For Stephen Colbert and CBS, this wasn’t the game plan.
Because now…just three months after so much hype and so much love went into Mr. Colbert’s debut as the new host of Late Night, the former Comedy Central star has somehow fallen into 4th place where it matters most. In the all-important demo, he’s now being doubled up (and then some) by NBC’s Jimmy Fallon (outscored by 137 percent) and hasn’t beaten ABC’s Jimmy Kimmel in over a month. But here’s where CBS brass is likely doing a double-take: During the week of November 23-27, the 11:35 PM Late Show on CBS was beaten by Seth Meyers, who happens to be on one hour later (12:35 PM) on the Peacock.
Of course, these numbers regarding Colbert/Meyers came on a shortened week (November 23-27). So to avoid accusations of cherry-picking, here’s a trend worth noting since Colbert launched (via NBC):
In the prior 11 weeks since Colbert debuted, Fallon’s margins in 18-49 have been +28% for the week of Sept. 7-11, +38% for Sept. 14-18, +35% for Sept. 21-25, +41% for Sept. 28-Oct. 2, +38% for Oct. 5-9, +56% for Oct. 12-16, +54% for the encore week of Oct. 19-23, +59% for Oct. 26-30, +60% for Nov. 2-6, +70% for Nov. 9-13 and +79% for Nov. 16-20 (and +137% for Nov 23-27).
If there was ever an example of a trend, you just saw it. Then there’s this: Colbert’s numbers are down almost 45 percent since his debut week, and have only increased once week-to-week since the week ending on September 21st, trending downward slowly but consistently.

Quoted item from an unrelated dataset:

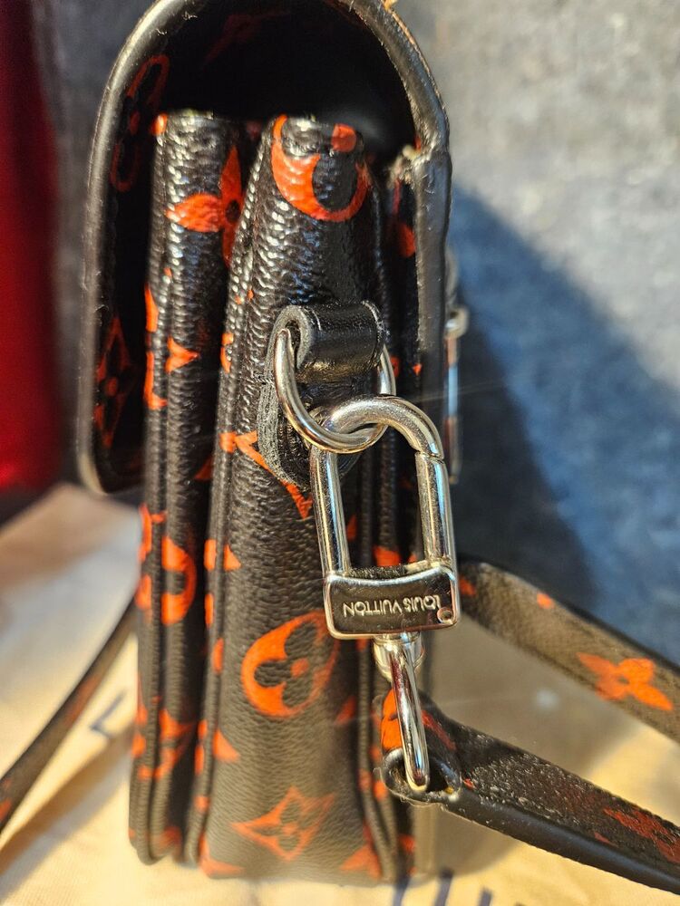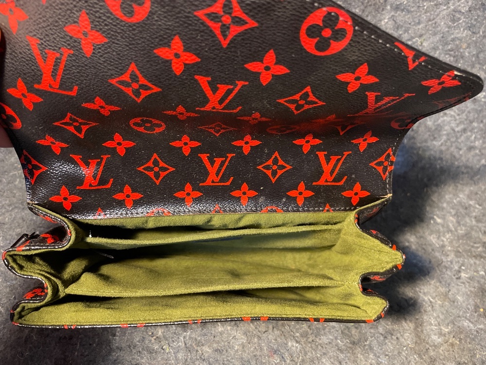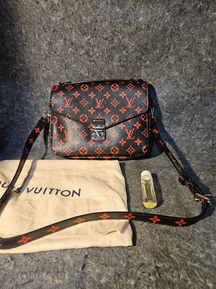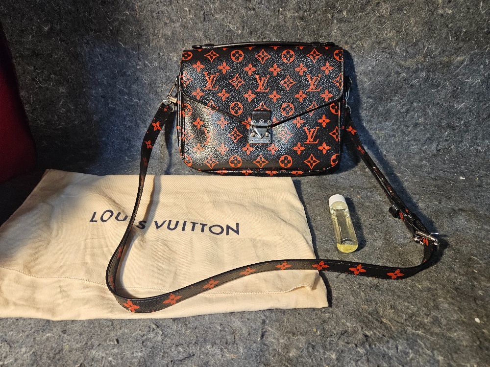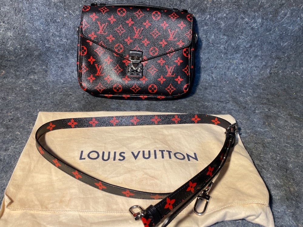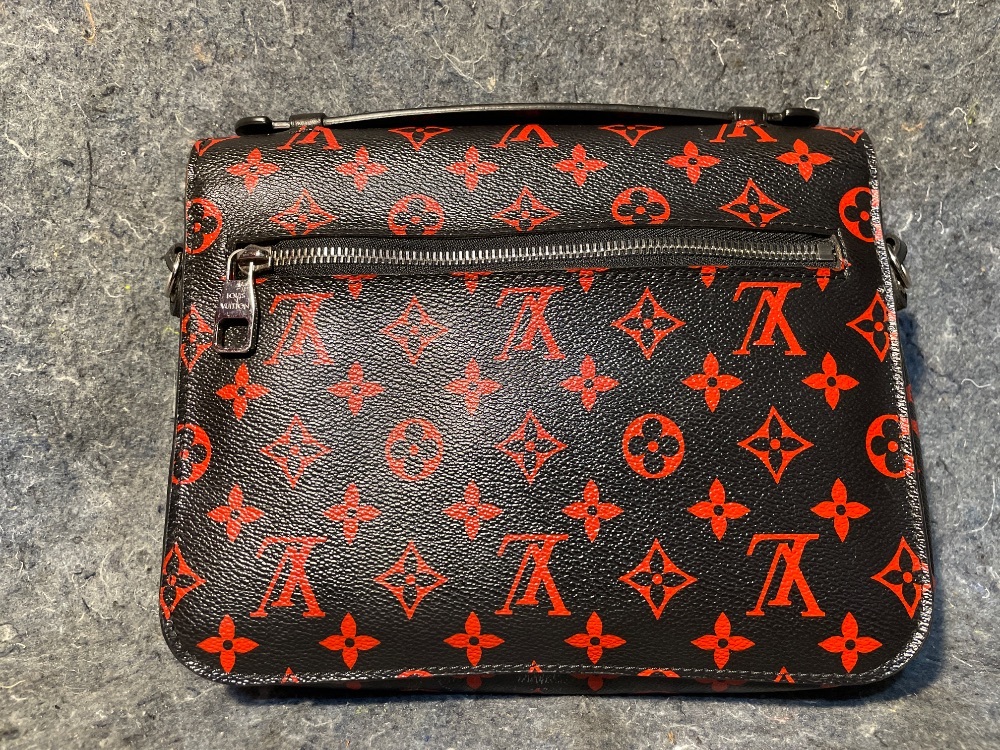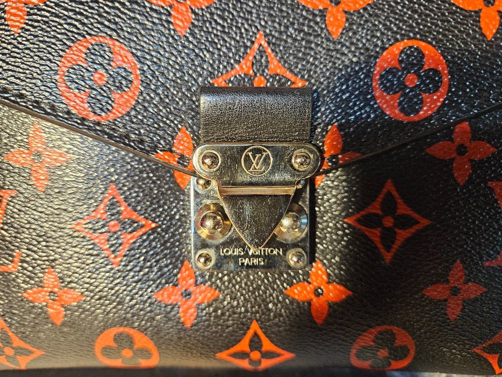 From the 2016 Spring/Summer collection the Infrarouge collection is an edgy update from Louis Vuitton Creative Director, Nicolas Ghesquiere. This stunning line features shiny black coated canvas with gorgeous deep red monogram print on top. A modern day reinterpretation of the classic Monceau briefcase, the Metis is a newer creation. Named after the Greek Titans, Ocean and Tethys, Metis was the first great spouse of Zeus. The Greek word Metis means a combination of wisdom and cunning which perfectly portrays this beautiful bag. A simple vachetta top handle and an adjustable Monogram canvas shoulder strap that is perfect for hands-free convenience. This adorable Pochette Metis features an exterior zip pocket, the iconic LV S-lock, and a spacious interior with several compartments. Perfect for every day use!

One more note: Colbert averaged a .58 in the demo in November (a sweeps month), a 16 percent rise over Letterman’s numbers last year. An improvement is always good news, but given Letterman’s decline at the end of his career (save for his final week sendoff), just 16 percent over a poor number and finishing 3rd or 4th can’t be what CBS thought it was signing up for.
But the program is still relatively new and still needs to establish its footing, right? Well, impressions are important, too. And it hasn’t helped that many perceive Colbert’s offering to be too political, too one-sided (primarily slanting left). As noted here a few weeks ago, a recent Hollywood Reporter poll of late-night viewers shows that only 47 percent of self-described Democrats watch Colbert, while only 17 Republicans say they do, or a 30-point spread. For Fallon, the spread is just five points (36-31 Democrats). For Kimmel, the spread is one (34-33). The perception of partisanship regardless of which way it leans, particularly when the primary brand is political satire as is the case with Colbert, is enough to help move the needle the wrong way. There’s also this factor: Fallon and Kimmel are very, very good at what they do and have enjoyed far more at-bats (as in years worth) than Colbert, who is trying to do this show without his old character but oftentimes falls right back into it.
CBS hired the 51-year-old to improve on Letterman’s ratings with younger audiences. The former Comedy Central host accomplished that nicely at first, but the numbers are either stagnant or sinking now. Other horses–even those racing one hour later out of the starting gate–are beating him now.
Is CBS happy with Colbert? Maybe.
Nervous is probably the better word to apply right now.